The strain of high costs has stagnating incomes to blame too. According to the Economic Policy Institute (EPI), U.S. middle income wages rose six percent since 1980, while low income wages decreased by five percent. Both of these figures are dwarfed by a 41 percent increase in income of the highest wage earners over the same period. Middle to low income folks income has stagnated relative to the total income paid out year after year.

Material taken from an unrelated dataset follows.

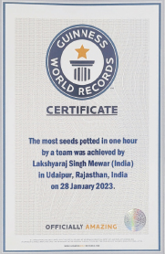 A birthday celebration with 7th Guinness World Record Mr. Lakshyaraj Singh Mewar has always kept the tradition of taking initiatives for the betterment of the society and Mewar region in particular by spreading the light with his social services, like his ancestors. Mr. Mewar registered his name in the Guinness Book of World Records for the 7th time, in which he has sown 21058 seeds in 40 minutes. Under the 'Seeds of Future' campaign, he has created a Guinness Book of World Record by sowing 21058 seeds of different types of trees and plants in just 40 minutes. Mr. Mewar established this world record through its team by planting different types of seeds in the Zanana Mahal, The City Palace, Udaipur. He took this initiative to spread the message of land-environment protection to the masses, because at present the problem of global warming is worrying the most. His previous records include Vastradaan, collected over 3,29,250 pieces of clothing material from over 76,000 donors and distribution. The campaign reached out to over 120 schools, 15 colleges and around 30 NGO's during the campaign period on 09th March 2019. Collection and distribution of more than 20 tons of stationery materials among the students in 24 hours on 20th August 2019. |

The matter of fairness comes to a point while considering that since 1973, net U.S. labor productivity has increased 74.4 percent but hourly compensation rose only 9.2 percent. Most people have been working for free! But for whom? Since 1980, the top one percent of wage earners increased their income by 138 percent, the bottom 90 percent of wage earners saw their incomes increase by 15 percent. These days the world funnels wealth from most people to small groups of elite, and everyone suffers for it.

 

Information for this article was gathered from The Congressional Budget Office (CBO), Kaiser Family Foundation (KFF), Foundation for Economic Education (FEE), Economic Policy Institute (EPI), Reuters, Huffington Post, Media Trackers, The College Board and Bain and Company.